#### Dataset excerpts

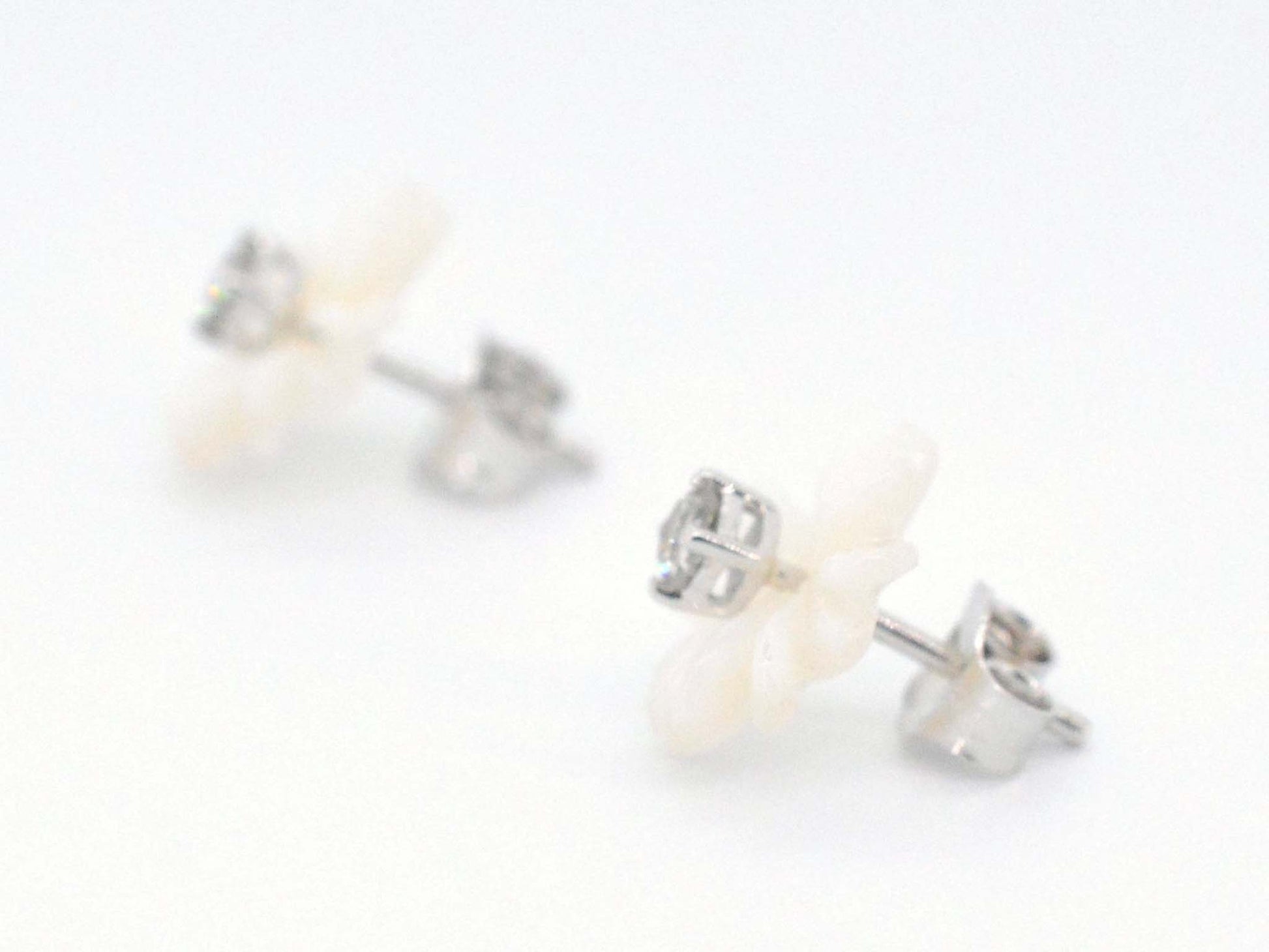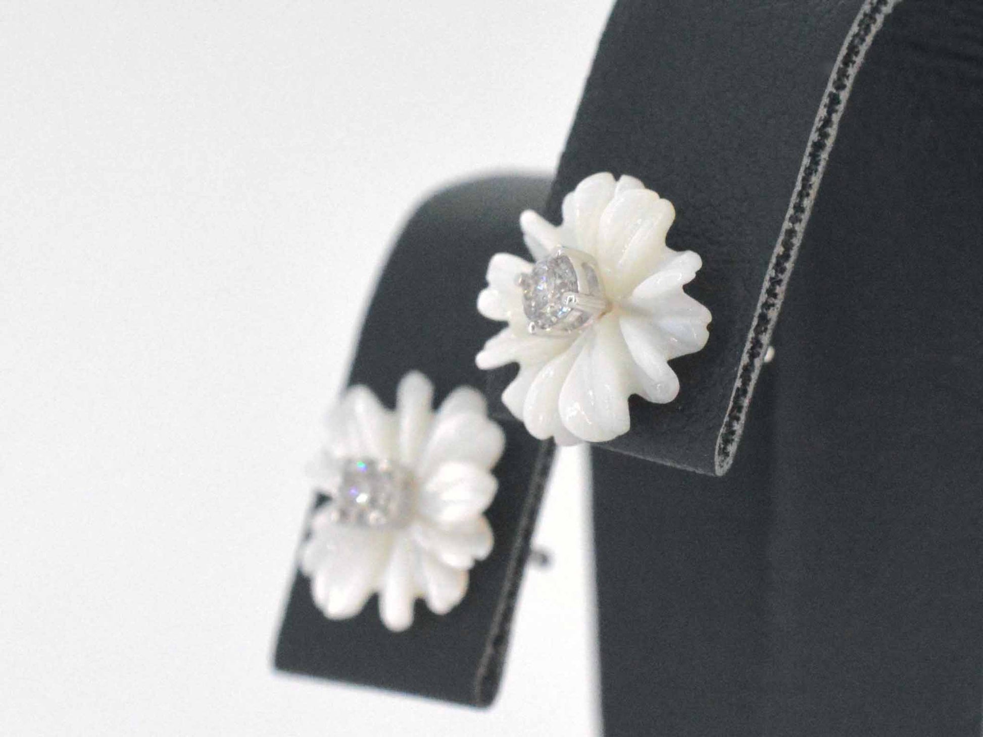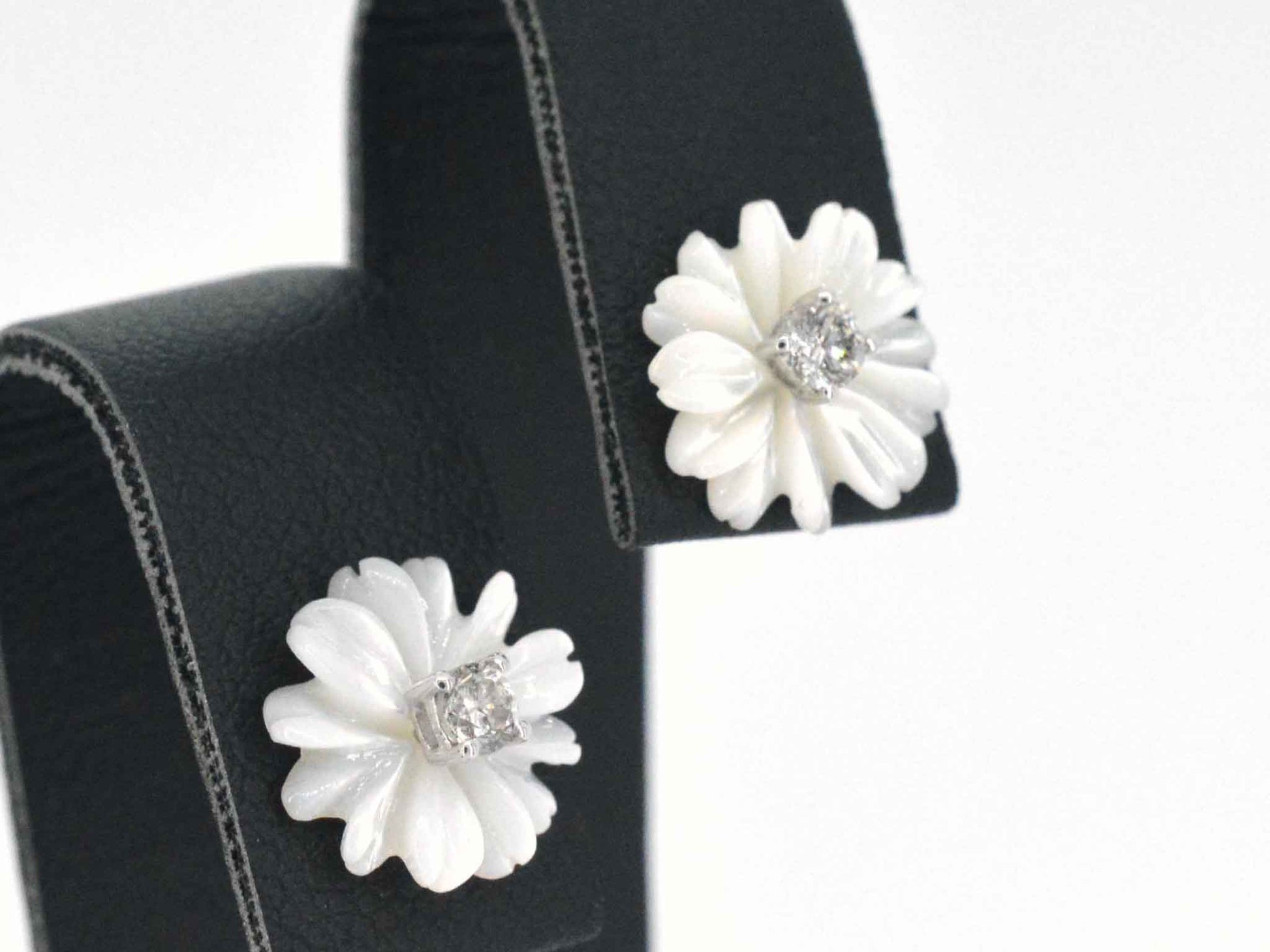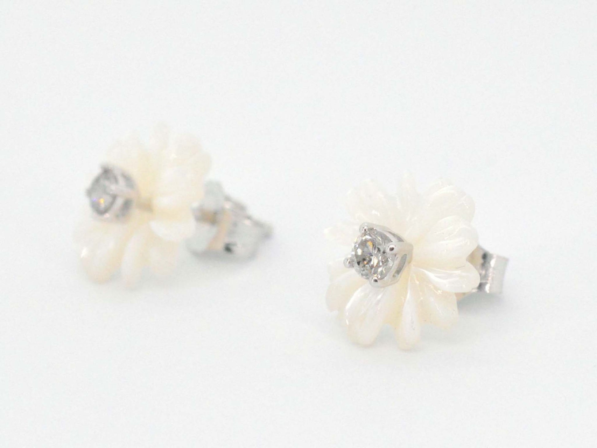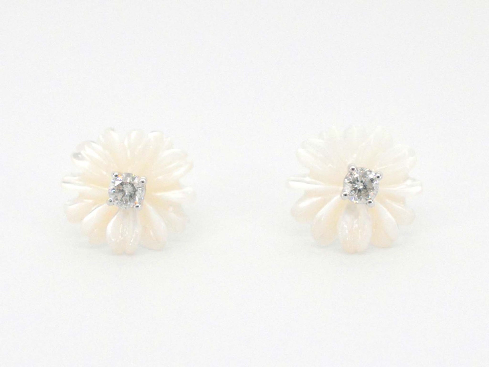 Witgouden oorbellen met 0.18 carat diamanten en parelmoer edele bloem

########
#### Dataset excerpts

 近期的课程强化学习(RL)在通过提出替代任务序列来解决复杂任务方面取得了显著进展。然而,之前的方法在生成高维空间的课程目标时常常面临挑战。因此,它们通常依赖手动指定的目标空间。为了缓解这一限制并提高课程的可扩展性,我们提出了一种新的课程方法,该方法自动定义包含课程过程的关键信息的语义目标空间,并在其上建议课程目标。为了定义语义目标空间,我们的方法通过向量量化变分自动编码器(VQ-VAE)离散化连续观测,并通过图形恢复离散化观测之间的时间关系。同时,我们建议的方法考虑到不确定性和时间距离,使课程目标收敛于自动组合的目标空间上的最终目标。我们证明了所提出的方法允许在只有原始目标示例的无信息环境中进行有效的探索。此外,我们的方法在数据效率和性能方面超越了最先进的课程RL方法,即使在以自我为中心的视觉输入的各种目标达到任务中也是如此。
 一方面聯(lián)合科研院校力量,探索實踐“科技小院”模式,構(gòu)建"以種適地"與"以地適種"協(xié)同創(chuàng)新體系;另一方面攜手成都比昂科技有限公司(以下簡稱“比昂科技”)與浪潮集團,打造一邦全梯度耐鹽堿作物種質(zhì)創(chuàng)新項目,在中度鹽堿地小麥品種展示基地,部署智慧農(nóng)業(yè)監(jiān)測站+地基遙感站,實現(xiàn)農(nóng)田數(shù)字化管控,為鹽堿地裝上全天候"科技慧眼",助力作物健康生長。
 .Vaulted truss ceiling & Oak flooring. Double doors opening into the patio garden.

########

> **The task**
Above are some records; copy exactly the lines from the one with "近期的课程强化学习(RL)在" through the one with "the patio garden.", both included, and no others.

> **Problem solution**
 近期的课程强化学习(RL)在通过提出替代任务序列来解决复杂任务方面取得了显著进展。然而,之前的方法在生成高维空间的课程目标时常常面临挑战。因此,它们通常依赖手动指定的目标空间。为了缓解这一限制并提高课程的可扩展性,我们提出了一种新的课程方法,该方法自动定义包含课程过程的关键信息的语义目标空间,并在其上建议课程目标。为了定义语义目标空间,我们的方法通过向量量化变分自动编码器(VQ-VAE)离散化连续观测,并通过图形恢复离散化观测之间的时间关系。同时,我们建议的方法考虑到不确定性和时间距离,使课程目标收敛于自动组合的目标空间上的最终目标。我们证明了所提出的方法允许在只有原始目标示例的无信息环境中进行有效的探索。此外,我们的方法在数据效率和性能方面超越了最先进的课程RL方法,即使在以自我为中心的视觉输入的各种目标达到任务中也是如此。
 一方面聯(lián)合科研院校力量,探索實踐“科技小院”模式,構(gòu)建"以種適地"與"以地適種"協(xié)同創(chuàng)新體系;另一方面攜手成都比昂科技有限公司(以下簡稱“比昂科技”)與浪潮集團,打造一邦全梯度耐鹽堿作物種質(zhì)創(chuàng)新項目,在中度鹽堿地小麥品種展示基地,部署智慧農(nóng)業(yè)監(jiān)測站+地基遙感站,實現(xiàn)農(nóng)田數(shù)字化管控,為鹽堿地裝上全天候"科技慧眼",助力作物健康生長。
 .Vaulted truss ceiling & Oak flooring. Double doors opening into the patio garden.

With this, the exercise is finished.